Thus are drafted a whole class of "handmaids," whose function is to bear the children of the elite, to be fecund or else (else being certain death, sent out to be toxic-waste removers on outlying islands). The narrative frame for Atwood's dystopian vision is the hopeless private testimony of one of these surrogate mothers, Offred ("of" plus the name of her male protector). Lying cradled by the body of the barren wife, being meanwhile serviced by the husband, Offred's "ceremony" must be successful—if she does not want to join the ranks of the other disappeared (which include her mother, her husband—dead—and small daughter, all taken away during the years of revolt).
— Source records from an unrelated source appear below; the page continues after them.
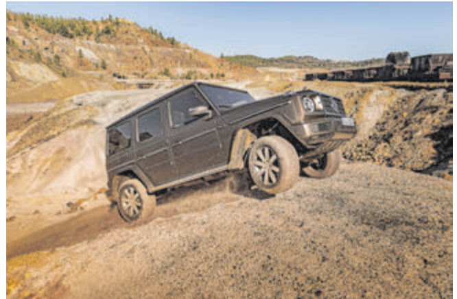
Das konnte sie schon immer: Die G-Klasse macht auch im Gelände einen souveränen Eindruck.

Durchsetzungsfähigkeit und Fahrspaß im Gelände.
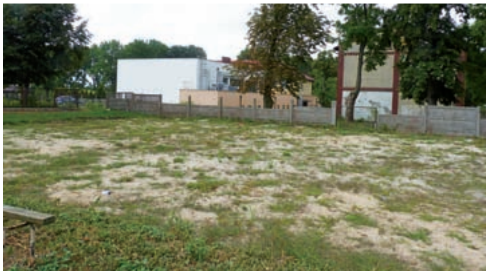
Budowę sportowego boiska wielofunkcyjnego rozpoczęto rok temu. Wykorytowano teren, nawieziono piasek i roboty przerwano. Umowę z wykonawcą rozwiązano. Teraz teren już porósł trawą i zielskiem.

Wszyscy wykonawcy deklarowali, że wykonają zadanie do 15 listopada br., z 5-letnią gwarancją.
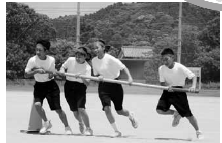
▲「網白湾台風 令和1号」御宿中学校に台風がやってきた！

恒例の色別対抗リレーでは、会場から大きな声援が沸き上がり、友情やチームワークを感じられる運動会でした。
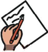
Zettel vom Amt ausfüllen.

Wenn Sie den Antrag gestellt haben, bekommen Sie einige Zettel. Auf denzetteln wird gefragt, welche Hilfe und wie viel Hilfe Sie brauchen.
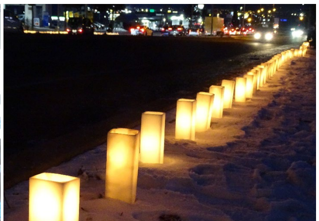
▲製作したキャンドルはシーニックdeナイト2025で使います。 ※写真はシーニックdeナイト2024の国道5号（函館新道）
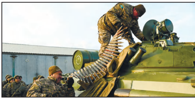
ЗАДАТЬ ТЕМП БОЕВОЙ УЧЕБЕ
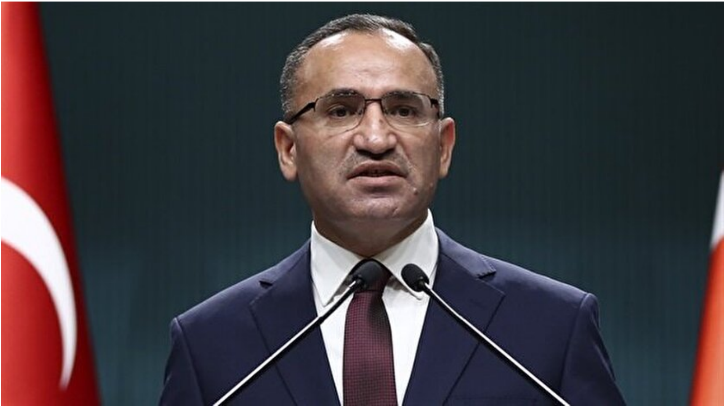
Hükümet Sözcüsü Bekir Bozdağ
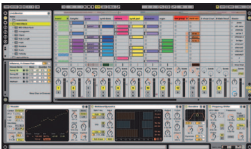
Az Ableton Live kezelő felülete

lyán haladva a sebesség és a szalagkorlát pontosan rögzített határok közé szorítja haladásunkat. Bármilyen hiba végzetes lehet számunkra. A digitális világban minden kiszámítható és tökéletes. A megfelelő felbontással rögzített hangok majdnem olyanok, mint ahogy elhangzottak. Ez a világ csak a lehető világok legjobbika lehet. De valljuk be, meglehetősen unalmas, hiszen hiányzik a szabadság minimális algoritmusai.
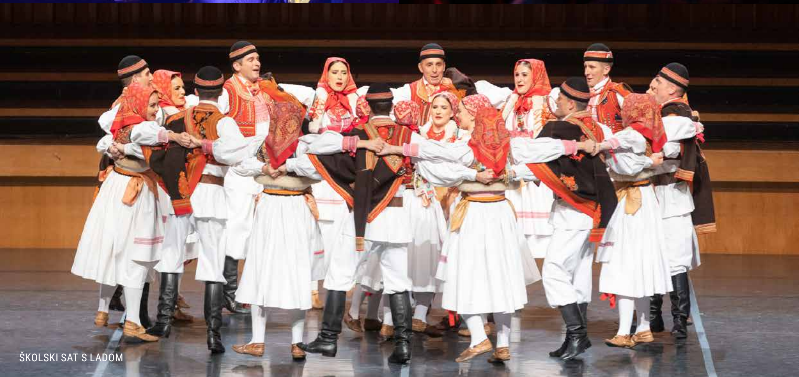
ŠKOLSKI SAT S LADOM
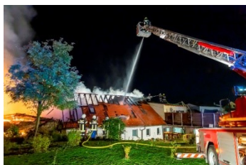
15.9.2019 – Drehleiter Gföhl – Brand Niedergrünbach
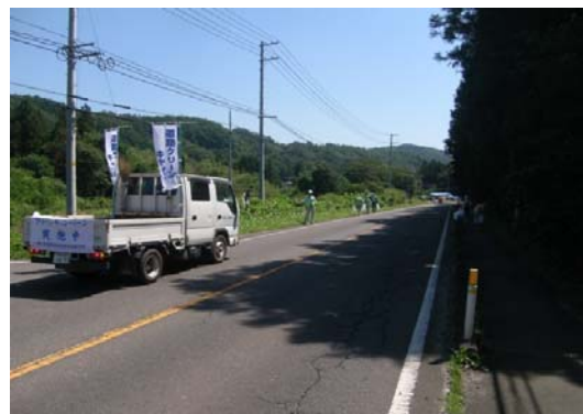
蔵王地区清掃状況
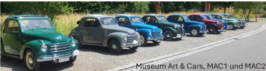
Museum Art & Cars, MAC1 und MAC2
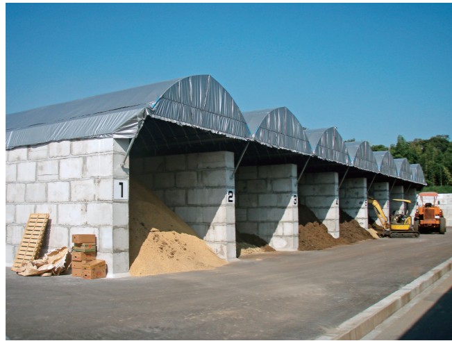
(南)あぐりのせんでい枝堆肥化施設
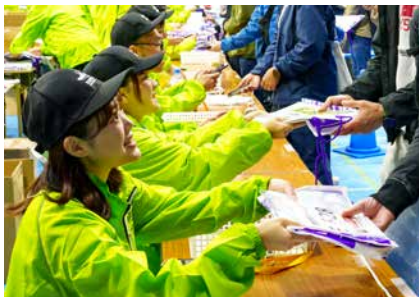
笑顔でランナー対応するボランティア
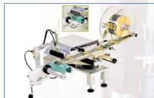
Version pneumatique «Marte 140PN»
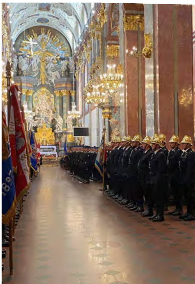
Uroczystość św. Floriana na Jasnej Górze
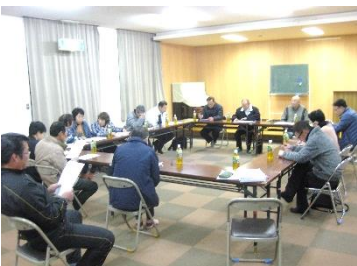
巨石祭の成功を期し、協議を 重ねる委員の方々
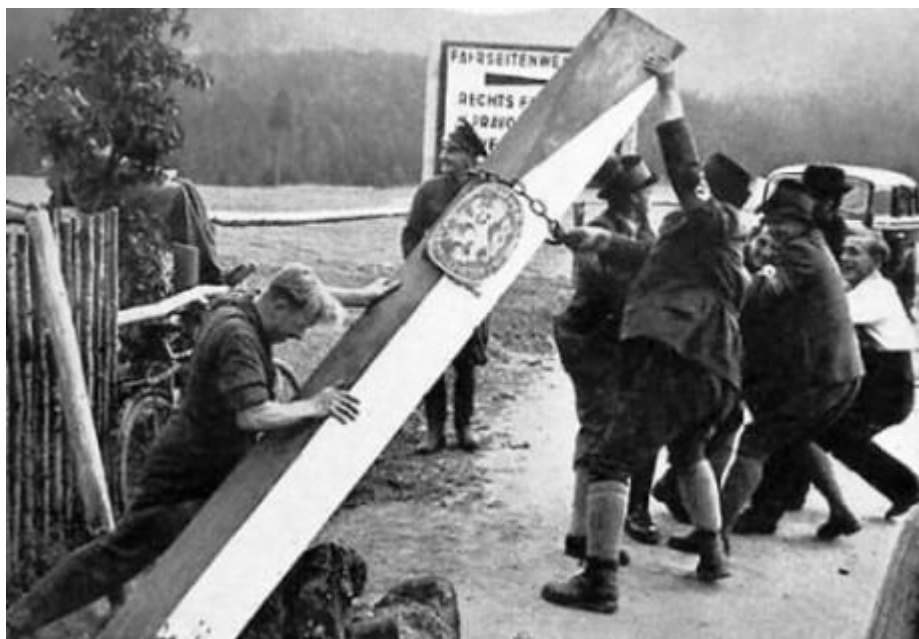
Obrázek 9: Sudetští Němci vyvracejí pohraniční sloup ČSR

Zdroj: ČAPKA, František. Tragédie mnichovské dohody: skutečná fakta a odhalené mýty; osudové okamžiky . 1. Vyd. Brno: Computer Press, 2011, s. 122. ISBN 978-80-251-3376-7.
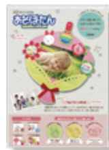
フォトフレームキット「花束」
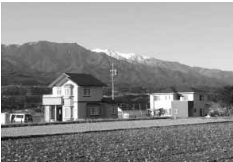
健全財政とともに、戦略的事業展開を (中平団地)

総務課長 実質公債費比率は、十八年度十二・六%。実質赤字比率はゼロ。連結実質赤字比率もゼロ。将来負担比率
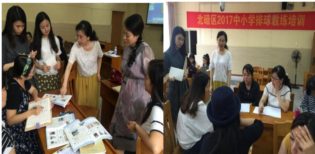
图为杨老师倾听、指导各年级的老师讨论备课组计划

讨论之后各年级老师代表发表了自己组的意见。特别是初一年级的语音教学，杨老师给予了细致的讲解，初一年级老师也提出了自己在教学中的问题并且得到了杨老师及时的解决。初三年级的阅读练习也制定了可行有效的练习方法。
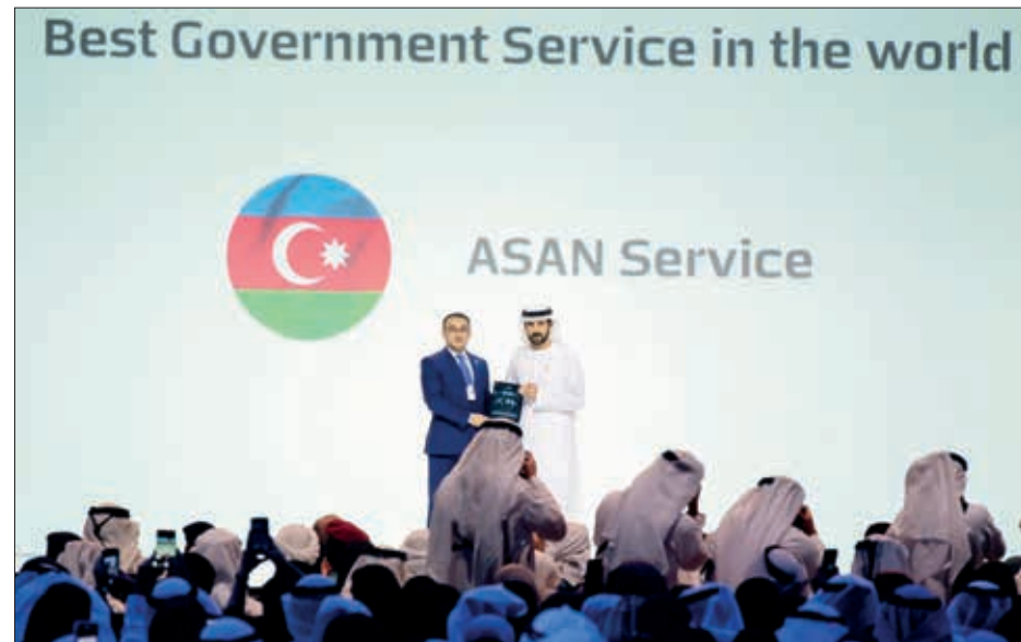
Birləşmiş Ərəb Əmirliklərinin Dubay şəhərində keçirilən 10-cu Dünya Hökumət Sammitində "ASAN xidmət" "Qlobal Hökumət Mükəmməlliyi Mükafatı" Proqramı çərçivəsində "Dünyanın IT Qabaqcıl Dövlət Xidməti" seçilib və xüsusi mükafata layiq görülüb.
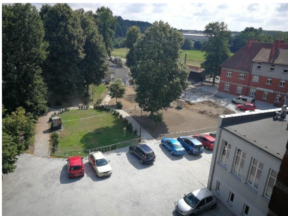
Nowopowstające aleje pieszo – jezdne

Postępują również prace w ramach zadania 2 Odsunięcie presji człowieka od siedliska nietoperzy
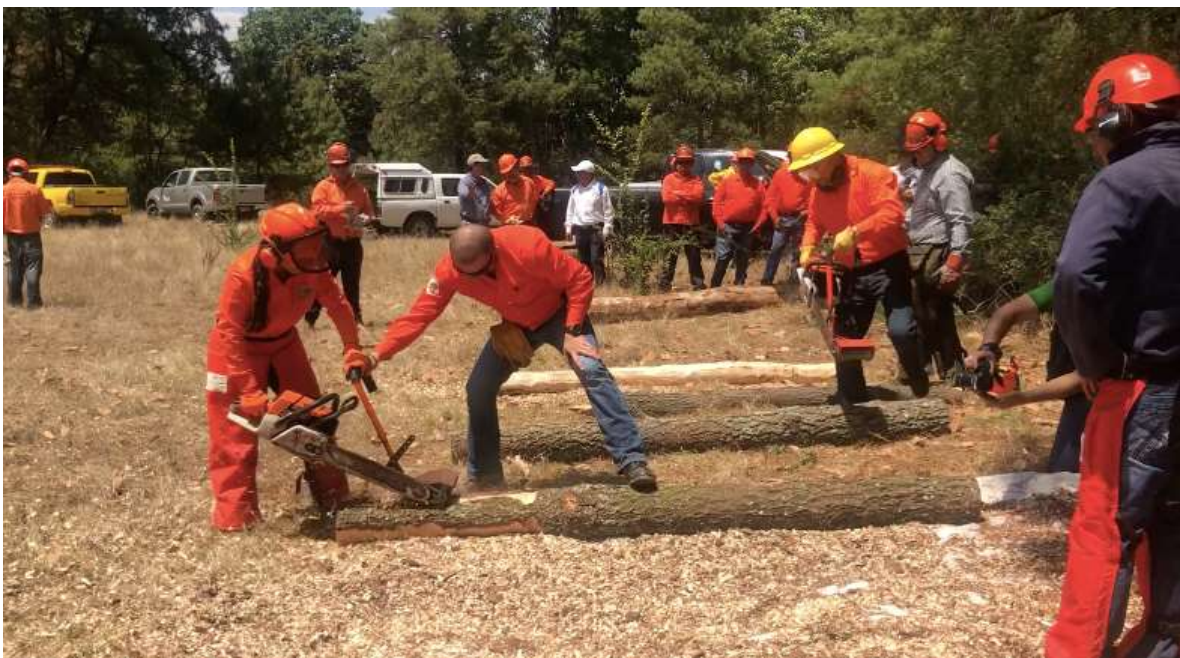
Fig. 8. Práctica de descortezado con la Garra de Oso
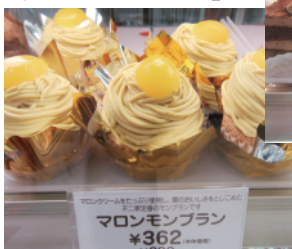
マロンモンブラン ¥362

ペ」は、「カスタード」や「チョコ」、「あまおう苺ミルク」の3種類の味があり、その他「ペコサブレ」や、切り口がペコちゃんの顔の「千歳飴」は子供から大人気だ！
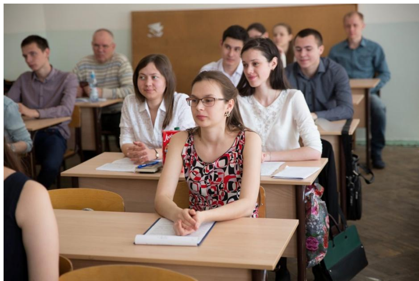
Межвузовская (Региональная) научная студенческая конференция «Интеллектуальный потенциал Сибири»
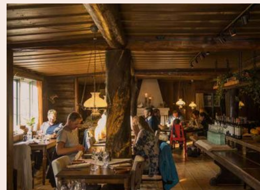
KÄNSLAN VIKTIG. Gammelgården i Sälen är verksamheten som vänder sig till fjällbesökare som önskar lugn och ro. Gården är ursprungligen från 1640.

■ ”När man kommer upp till vissa volymer går det absolut att ha bra lönsamhet inom restauranger. Men det gäller att driva det smart och jaga synergier i alla led. Av min totala omsättning är cirka 70 procent restaurang.”
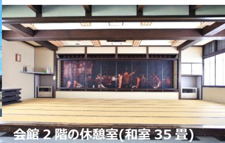
会館 2 階の休憩室(和室 35 畳)
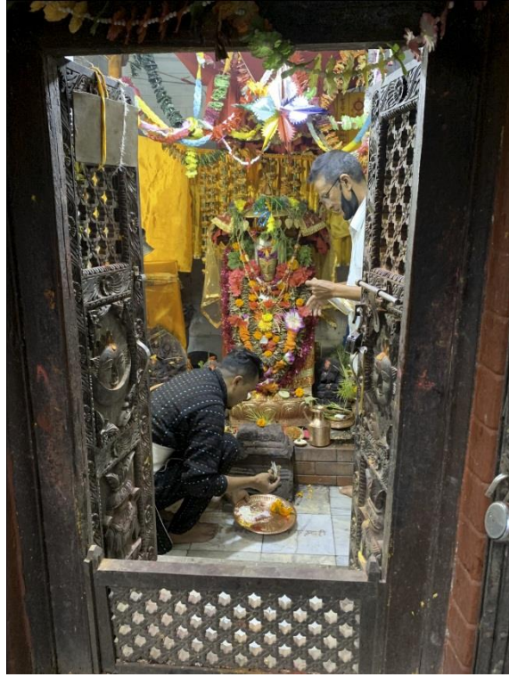
चित्र नं. १५ : हाडिगाउँ डवली तल सत्यनारायणको मन्दिरमा पूजा
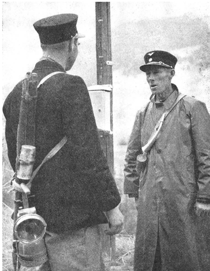
Die Ablösung der Streckenwärter erfolgt mit fast militärischer Präzision.
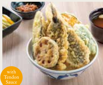
⑪ Sardine Tendon ¥1,500

Pork×2, Chicken breast shiso winding, Vegetables×4 猪肉(两片)、鸡胸肉紫苏卷、四种蔬菜 돼지고기×2, 닭가슴살 시소김밥, 야채×4
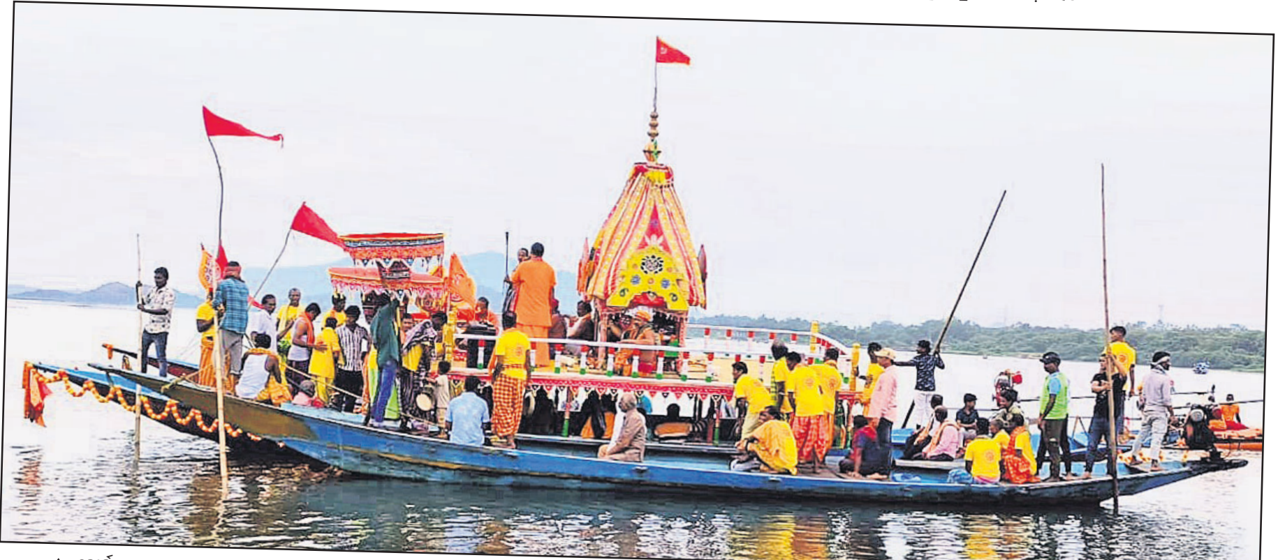
▲ ଖୋର୍ଦ୍ଧା: ମହାପ୍ରଭୁଙ୍କ ଅନ୍ୟତମ ଲୀଳାକ୍ଷେତ୍ର କାଙ୍କଶଶିଖରାଘିଡ଼ି ଜଗନ୍ନାଥ ମନ୍ଦିର ପ୍ରଷ୍ଠ ପକ୍ଷରୁ ଶୁକ୍ରବାର ତିଲିକାରେ ତଙ୍ଗାରେ ଅନୁଷ୍ଠିତ ରଥଯାତ୍ରା

One Of her only human conduits is a gradually developing affair with her master's chauffeur—something that's balanced more than offset, though, by the master's hypocritically un-Puritan use of her as a kind of B-girl at private parties held by the ruling men in a spirit of nostalgia and lust. This latter relationship, edging into real need (the master's), is very effectively done; it highlights the handmaid's (read Everywoman's) eternal exploitation, profane or sacred ("We are two-legged wombs, that's all: sacred vessels, ambulatory chalices"). Atwood, to her credit, creates a chillingly specific, imaginable night-mare. The book is short on characterization—this is Atwood, never a warm writer, at her steeliest—and long on cynicism—it's got none of the human credibility of a work such as Walker Percy's Love In The Ruins. But the scariness is visceral, a world that's like a dangerous and even fatal grid, an electrified fence.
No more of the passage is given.